Identification and characterization of high temperature stress responsive genes in bread wheat (Triticum aestivum L.) and their regulation at various stages of development.

机构信息

Department of Plant Molecular Biology, University of Delhi, South Campus, Benito Juarez Road, Dhaula Kuan, New Delhi, 110 021, India.

出版信息

Plant Mol Biol. 2011 Jan;75(1-2):35-51. doi: 10.1007/s11103-010-9702-8. Epub 2010 Oct 23.
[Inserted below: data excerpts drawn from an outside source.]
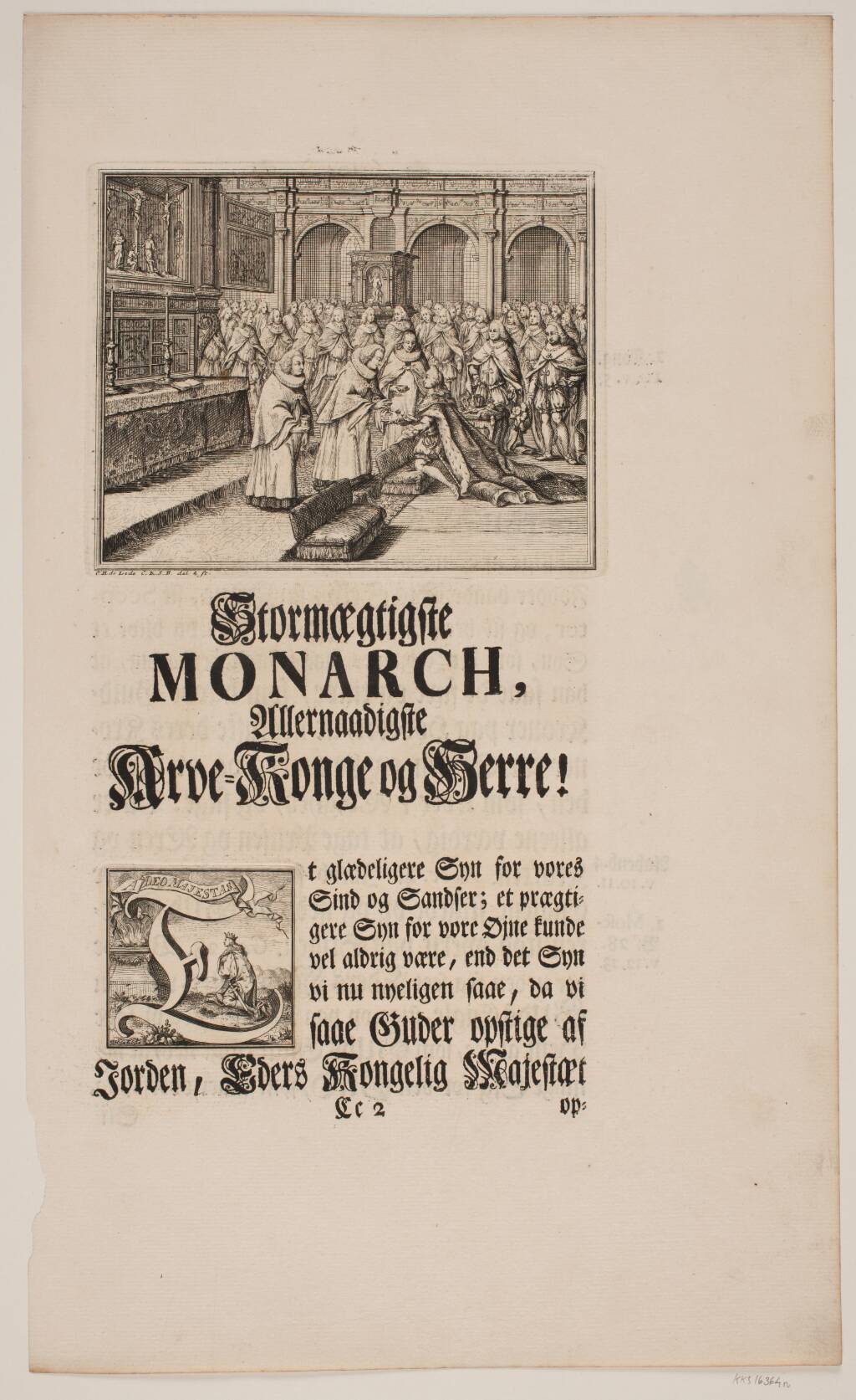 Title: Biskop Hersleb salver Kong Frederik V i Frederiksborg Slotskirke. Illustration og Vignet til Frederik d. IV's salvingsakt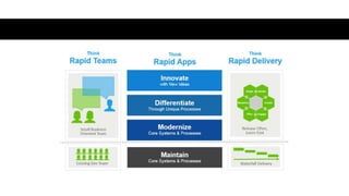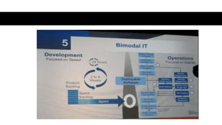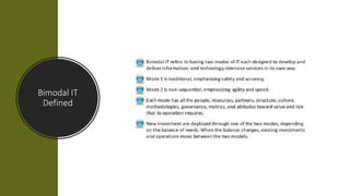 This document discusses bimodal IT and provides use cases for how bimodal IT approaches can be applied in different organizational contexts. Some key areas covered include shadow IT, integration, web 2.0, IT governance, organization, sourcing, data, architecture, synchronization, resources, disruptive strategy, and technology lifecycle management. The document emphasizes that bimodal IT manages two separate but coherent styles - one focused on predictability and the other on exploration.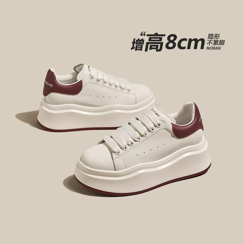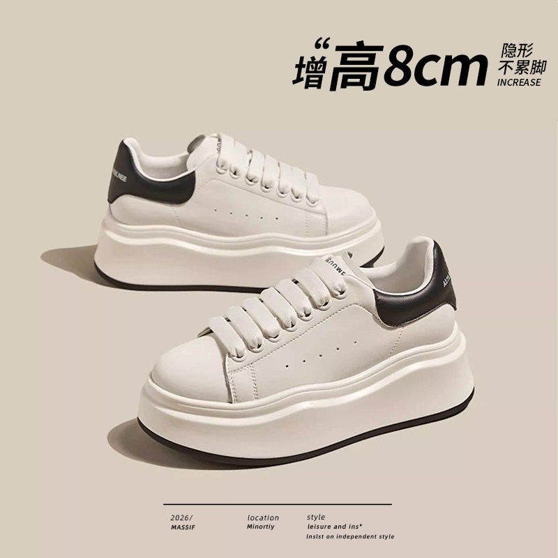 8cm厚底真皮小白鞋女爆款轻便百搭透气小个子内增高休闲运动板鞋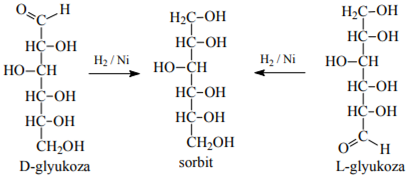 Turli aldоzalarning qaytarilishidan bitta spirtni оlish mumkin. Masalan, D- va L-glyukоzalar qaytarilganda bitta mahsulоt – sоrbit (D-glyutsit) hоsil bo‘ladi:

DOI:10.1007/s11103-010-9702-8
PMID:20972607
Abstract

To elucidate the effect of high temperature, wheat plants (Triticum aestivum cv. CPAN 1676) were given heat shock at 37 and 42°C for 2 h, and responsive genes were identified through PCR-Select Subtraction technology. Four subtractive cDNA libraries, including three forward and one reverse subtraction, were constructed from three different developmental stages. A total of 5,500 ESTs were generated and 3,516 high quality ESTs submitted to Genbank. More than one-third of the ESTs generated fall in unknown/no hit category upon homology search through BLAST analysis. Differential expression was confirmed by cDNA macroarray and by northern/RT-PCR analysis. Expression analysis of wheat plants subjected to high temperature stress, after 1 and 4 days of recovery, showed fast recovery in seedling tissue. However, even after 4 days, recovery was negligible in the developing seed tissue after 2 h of heat stress. Ten selected genes were analyzed in further detail including one unknown protein and a new heat shock factor, by quantitative real-time PCR in an array of 35 different wheat tissues representing major developmental stages as well as different abiotic stresses. Tissue specificity was examined along with cross talk with other abiotic stresses and putative signalling molecules.

摘要

为了阐明高温的影响,将小麦植株(Triticum aestivum cv. CPAN 1676)在 37 和 42°C 下热休克 2 小时,并通过 PCR-Select 消减技术鉴定响应基因。从三个不同的发育阶段构建了四个消减 cDNA 文库,包括三个正向和一个反向消减。共产生了 5500 个 EST,其中 3516 个高质量的 EST 提交给 Genbank。通过 BLAST 分析的同源性搜索,生成的 EST 中有超过三分之一属于未知/无命中类别。通过 cDNA 宏阵列和 northern/RT-PCR 分析证实了差异表达。对高温胁迫后 1 天和 4 天的小麦植株进行表达分析,结果表明幼苗组织恢复迅速。然而,即使在 2 小时的热胁迫后 4 天,发育中的种子组织的恢复也可以忽略不计。通过对代表主要发育阶段以及不同非生物胁迫的 35 种不同小麦组织的阵列进行定量实时 PCR,对 10 个选定基因进行了更详细的分析,包括一个未知蛋白和一个新的热休克因子。还研究了组织特异性以及与其他非生物胁迫和假定信号分子的相互作用。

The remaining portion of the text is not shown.